In July 1979, the Minsk Regional Inspection for Complex Technical Control was founded. The Minsk Special Center of the USSR State Technical Commission was set up on the premises of the regional inspection in August 1989.

During the establishment of statehood in Belarus the country's leadership took measures to secure information protection in all spheres of activities of the state for the sake of ensuring the national security.

On 12 January 1993, by the resolution of the government the Minsk Special Center of the USSR State Technical Commission was reorganized into the State Center for Information Security under the Defense Ministry of the Republic of Belarus.

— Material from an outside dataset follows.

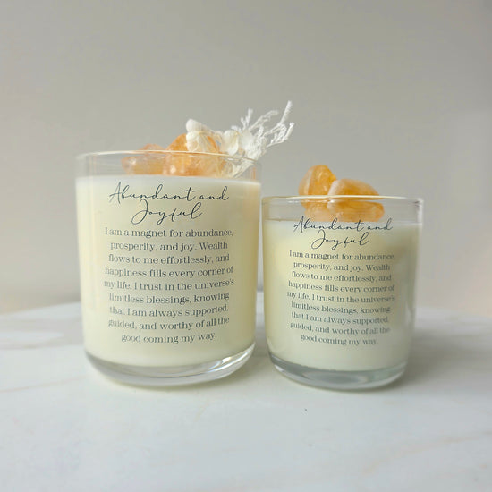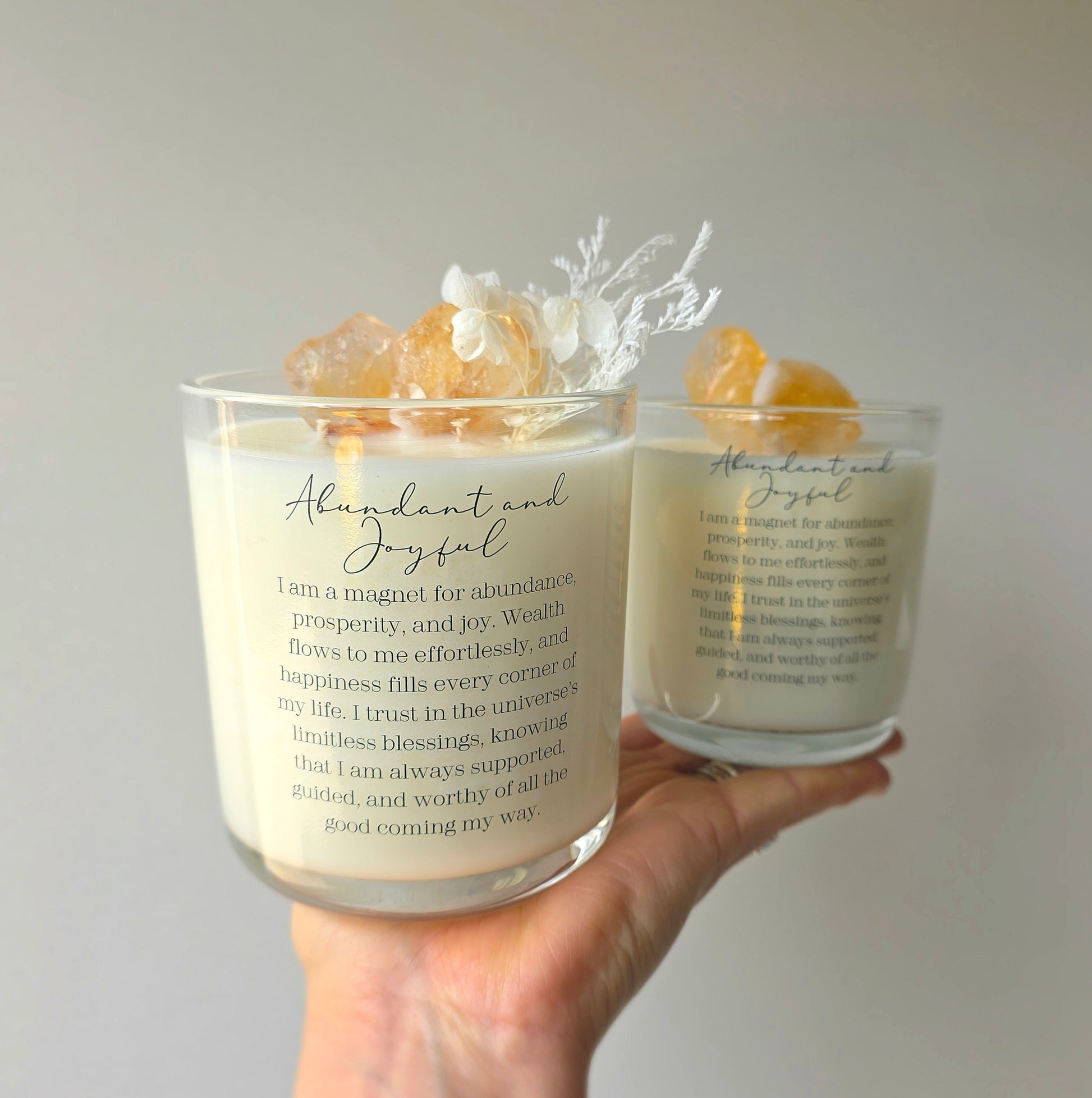 Each crystal is chosen intuitively for you, making every candle unique. Please note that variations in color, shape, and size may occur between batches.

The new body was tasked with ensuring the protection of classified data by technical means in government agencies, at enterprises, in institutions and organizations during the research, development, manufacturing, and operation of armaments, military hardware, automated control systems, electronic computing machines used for the defense and security of the country. In October 1994, by the relevant decree of the President of the Republic of Belarus control over the State Center for Information Security was transferred to the Security Council of the Republic of Belarus.

In November 2000, the State Center for Information Security under the Security Council of the Republic of Belarus was converted into the State Center for Information Security under the President of the Republic of Belarus. On 21 April 2008, in line with the relevant presidential decree the State Center for Information Security was converted into The Operational and Analytical Center under the Aegis of the President of the Republic of Belarus (OAC).